§ PROBLEM TO WORK ON: Restate the data below word for word. Leave the images out.

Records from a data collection
======

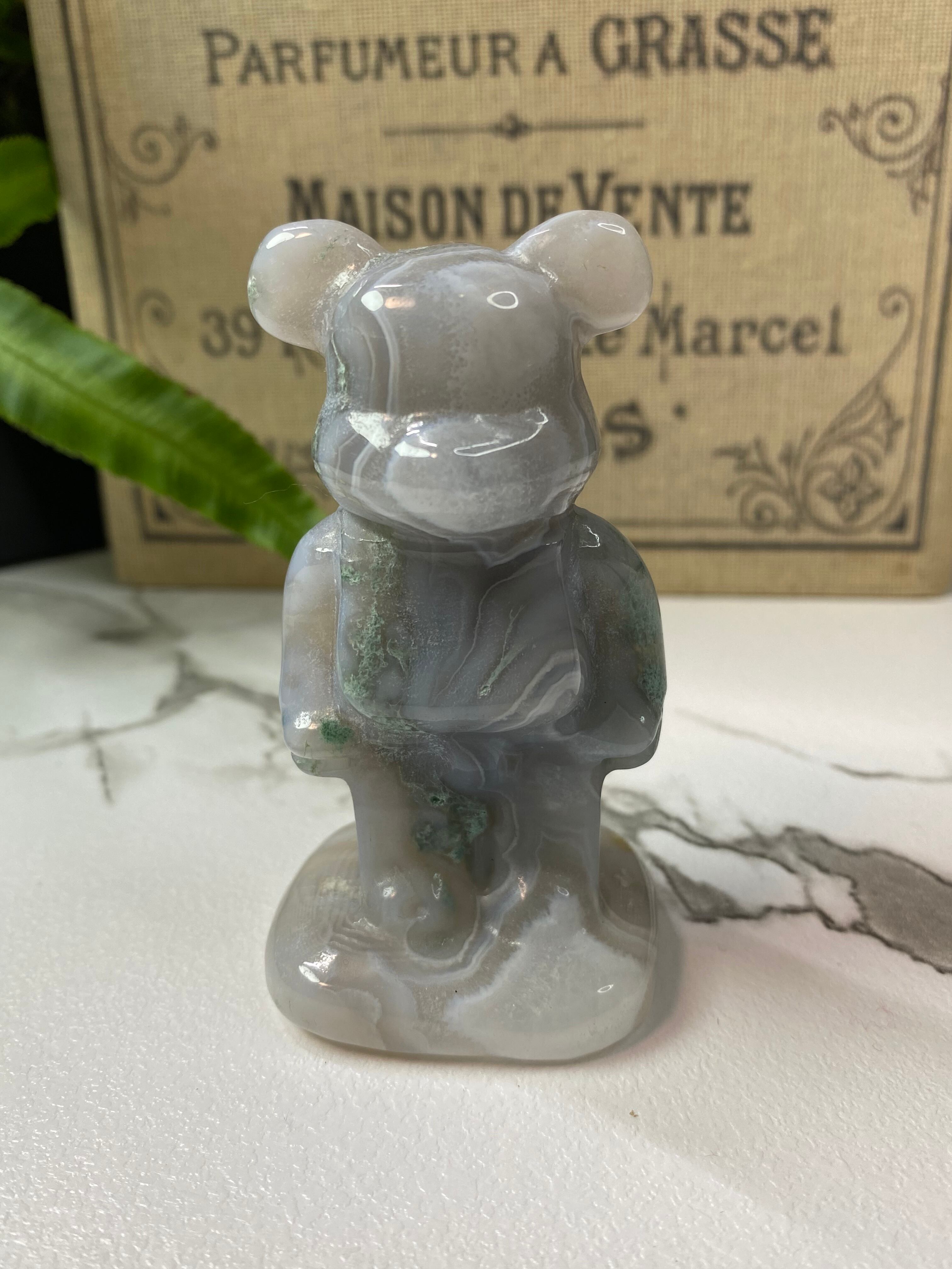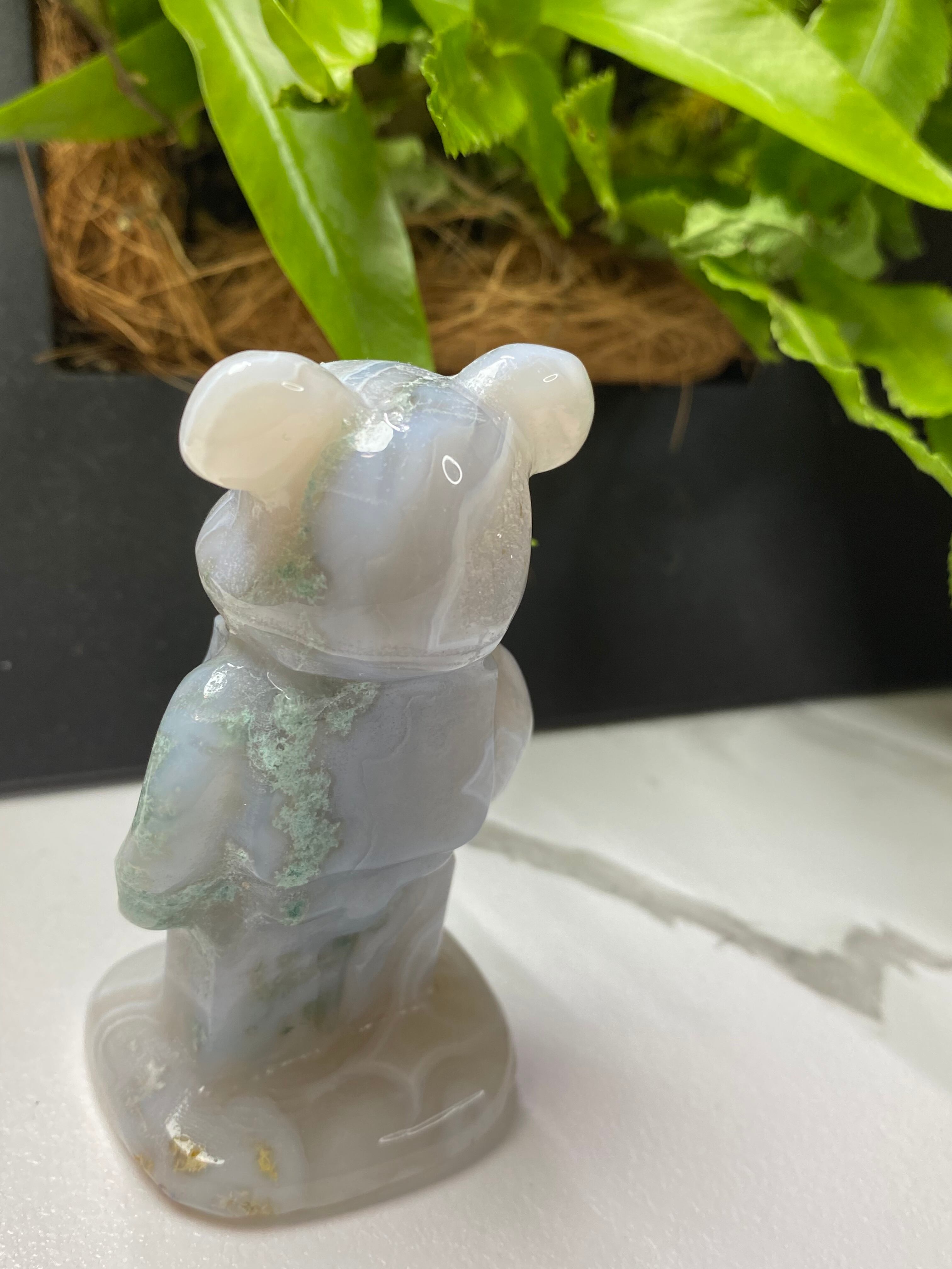 マダガスカル産のモスアゲートで、彫刻されたベアーです
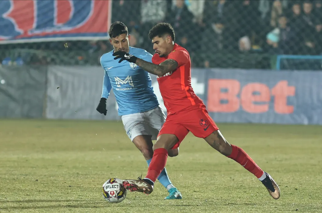 Florinel Coman si Ricardo Miranda la meciul de fotbal dintre FC Voluntari si FCSB, contand pentru Superliga Superbet, desfasurat pe Stadionul Anghel Iordanescu din Voluntari, duminica 12 februarie 2023. © FOTO:Gheorghe Fluster/SPORT PICTURES
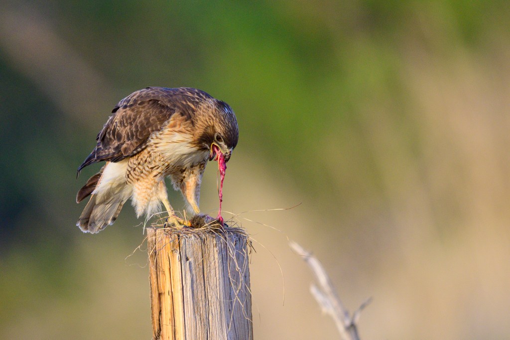 A Red-tailed Hawk landed on a post with a freshly caught rodent. Carnivorous birds have no teeth, so eating consists of tearing apart and choking down their prey. I used to think that if I died and could come back as another creature, I would want to be a bird. Eating like this make me reconsider that choice.
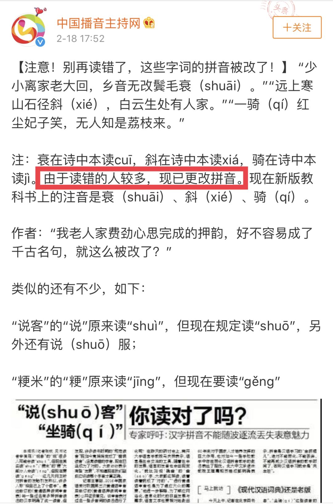 最近几天,@中国播音主持网和@中央人民广播电台先后发博,声称“这些字词的拼音被改了。”
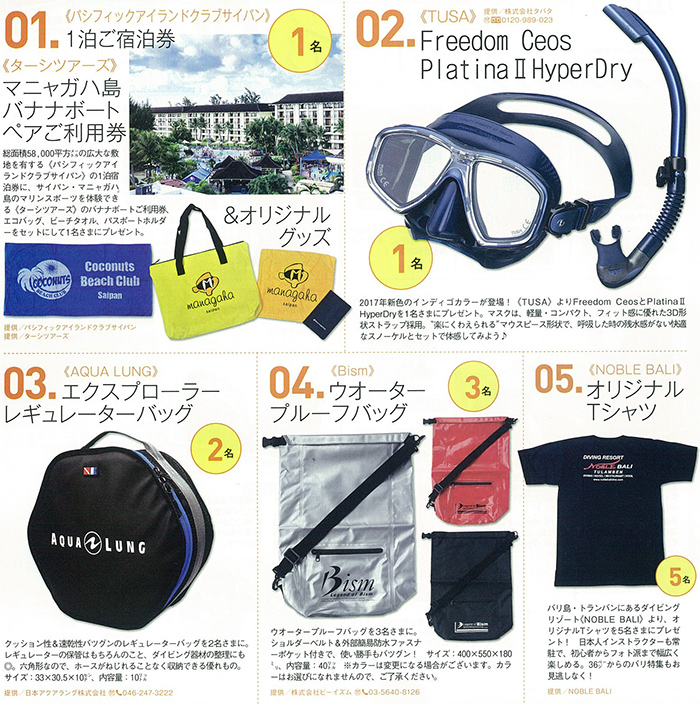ご応募はMD挟み込みハガキ、もしくはメール(md@marinediving.co.jp)で「WEB見ました!」
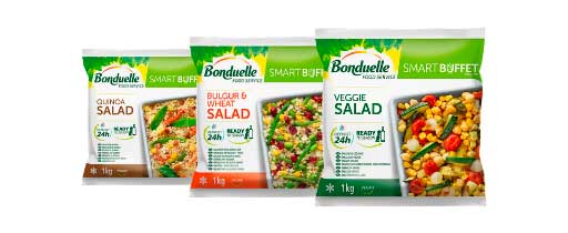 Se ofrecen al canal horeca congeladas, en bolsas de 1 kg, y destacan por su fácil manipulación, con lo que optimizan al máximo el tiempo de los chefs. En la web de Bonduelle Foodservice se ofrecen ideas específicas para de aliño para cada tipo de ensalada.
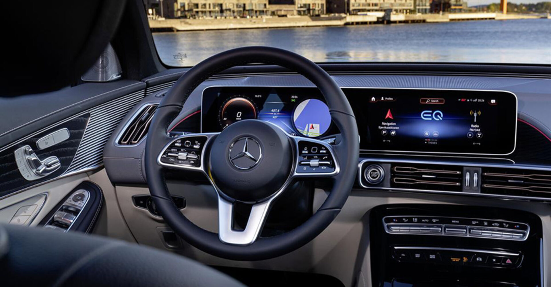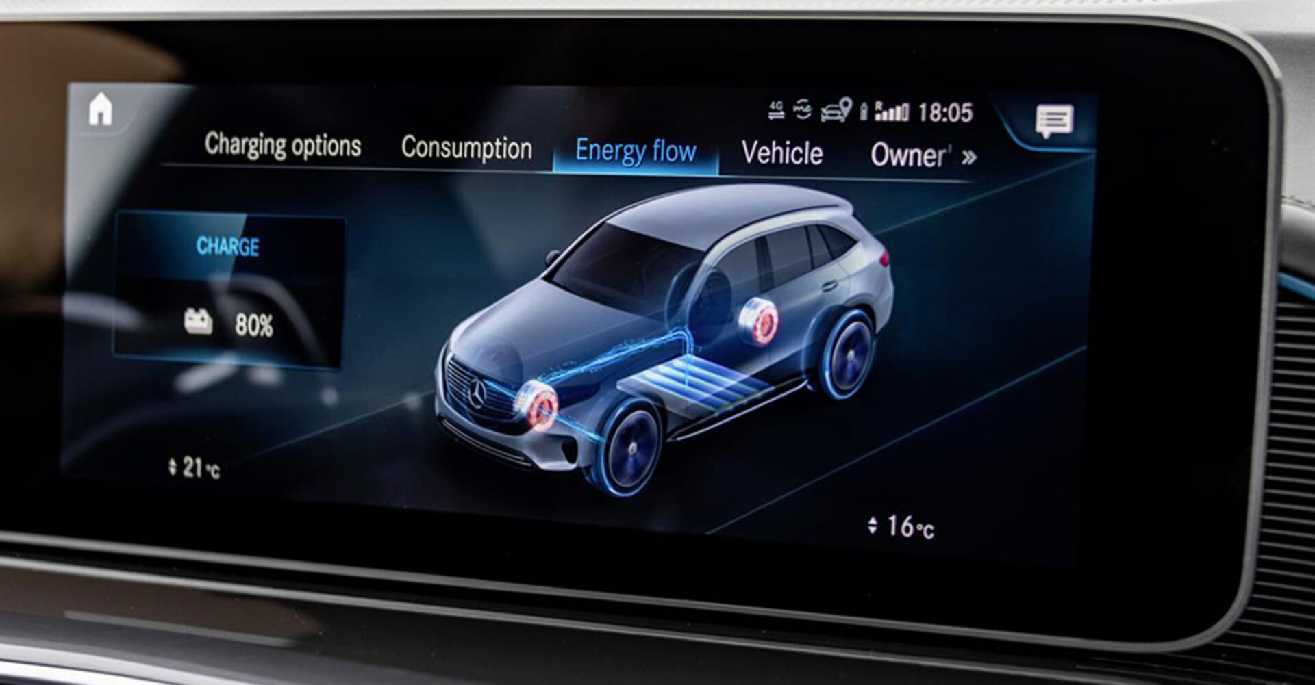 Man wählte dabei einen ganzheitlichen Ansatz, der alles zu einem verknüpft. So spielen Antrieb, Batteriemanagement, Lademanagement, Rekuperationsstrategien, digitale Dienste und das Infotainmentsystem MBUX intelligent zusammen. Bevor man bereits in den EQC gestiegen ist, kann man von zuhause aus ganz bequem sein Ziel und die gewünschte Abfahrtszeit festlegen. Bis man eingestiegen ist, ist der Innenraum exakt so temperiert, wie man es möchte. Die Route wird ebenso intelligent geplant. Ladestopps (Schnelladestationen werden bevorzugt) und Ankunftszeit werden dabei einkalkuliert. Programmiert wird alles per App.
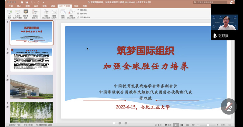 6月15日晚,qmh官网与我校国际事务处共同主办的全球胜任力云讲堂系列讲座第二讲“筑梦国际组织,加强全球胜任力培养”暨全球胜任力培养主题研讨会在线上成功举办。中国教育发展战略学会常务副会长张双鼓主讲,院长洪进、校国际事务处副处长胡佳、副院长庄德林、国际经济与贸易系部分老师、国际教育中心全体人员及40余名在校生参加了此次会议。
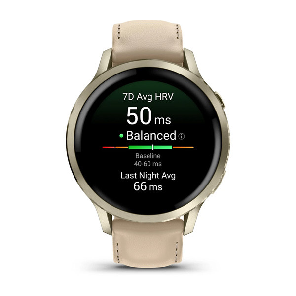 Garmin VENU 4 - 41mm, Beige/ Lunar Gold + Leather
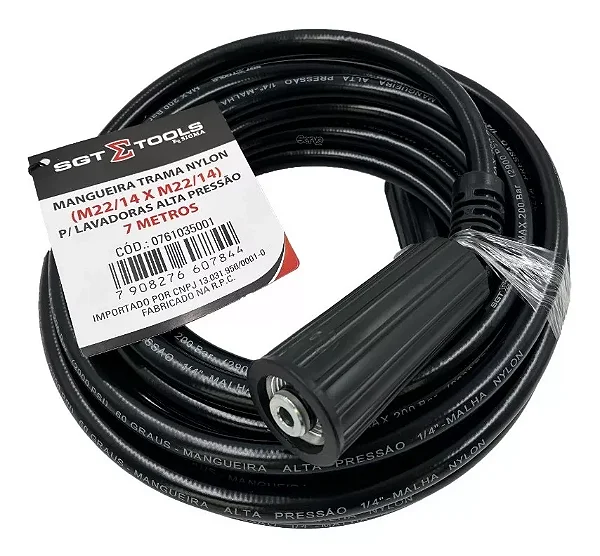 Com 7 metros de comprimento, a mangueira oferece amplo alcance, permitindo que você se movimente livremente pela área de trabalho sem precisar reposicionar constantemente a lavadora de alta pressão. Compatível com uma ampla gama de lavadoras de alta pressão, a mangueira Sigma Tools é um complemento versátil para o seu arsenal de limpeza. Seu design intuitivo garante uma experiência descomplicada, para que você possa se concentrar em obter resultados de limpeza excepcionais. Invista na mangueira de nylon Sigma Tools MANGUEIRA TRAMA e experimente a diferença em desempenho e durabilidade.
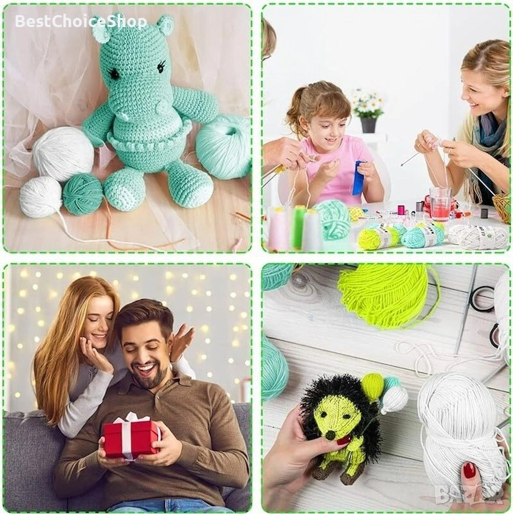 Текстура: Има мека, памукоподобна текстура, която не се разтяга, което я прави подходяща за амигуруми (плетени играчки) и други проекти.

======

§ TASK RESPONSE:
 マダガスカル産のモスアゲートで、彫刻されたベアーです
 Florinel Coman si Ricardo Miranda la meciul de fotbal dintre FC Voluntari si FCSB, contand pentru Superliga Superbet, desfasurat pe Stadionul Anghel Iordanescu din Voluntari, duminica 12 februarie 2023. © FOTO:Gheorghe Fluster/SPORT PICTURES
 A Red-tailed Hawk landed on a post with a freshly caught rodent. Carnivorous birds have no teeth, so eating consists of tearing apart and choking down their prey. I used to think that if I died and could come back as another creature, I would want to be a bird. Eating like this make me reconsider that choice.
 最近几天,@中国播音主持网和@中央人民广播电台先后发博,声称“这些字词的拼音被改了。”
ご応募はMD挟み込みハガキ、もしくはメール(md@marinediving.co.jp)で「WEB見ました!」
 Se ofrecen al canal horeca congeladas, en bolsas de 1 kg, y destacan por su fácil manipulación, con lo que optimizan al máximo el tiempo de los chefs. En la web de Bonduelle Foodservice se ofrecen ideas específicas para de aliño para cada tipo de ensalada.
 Man wählte dabei einen ganzheitlichen Ansatz, der alles zu einem verknüpft. So spielen Antrieb, Batteriemanagement, Lademanagement, Rekuperationsstrategien, digitale Dienste und das Infotainmentsystem MBUX intelligent zusammen. Bevor man bereits in den EQC gestiegen ist, kann man von zuhause aus ganz bequem sein Ziel und die gewünschte Abfahrtszeit festlegen. Bis man eingestiegen ist, ist der Innenraum exakt so temperiert, wie man es möchte. Die Route wird ebenso intelligent geplant. Ladestopps (Schnelladestationen werden bevorzugt) und Ankunftszeit werden dabei einkalkuliert. Programmiert wird alles per App.
 6月15日晚,qmh官网与我校国际事务处共同主办的全球胜任力云讲堂系列讲座第二讲“筑梦国际组织,加强全球胜任力培养”暨全球胜任力培养主题研讨会在线上成功举办。中国教育发展战略学会常务副会长张双鼓主讲,院长洪进、校国际事务处副处长胡佳、副院长庄德林、国际经济与贸易系部分老师、国际教育中心全体人员及40余名在校生参加了此次会议。
 Garmin VENU 4 - 41mm, Beige/ Lunar Gold + Leather
 Com 7 metros de comprimento, a mangueira oferece amplo alcance, permitindo que você se movimente livremente pela área de trabalho sem precisar reposicionar constantemente a lavadora de alta pressão. Compatível com uma ampla gama de lavadoras de alta pressão, a mangueira Sigma Tools é um complemento versátil para o seu arsenal de limpeza. Seu design intuitivo garante uma experiência descomplicada, para que você possa se concentrar em obter resultados de limpeza excepcionais. Invista na mangueira de nylon Sigma Tools MANGUEIRA TRAMA e experimente a diferença em desempenho e durabilidade.
 Текстура: Има мека, памукоподобна текстура, която не се разтяга, което я прави подходяща за амигуруми (плетени играчки) и други проекти.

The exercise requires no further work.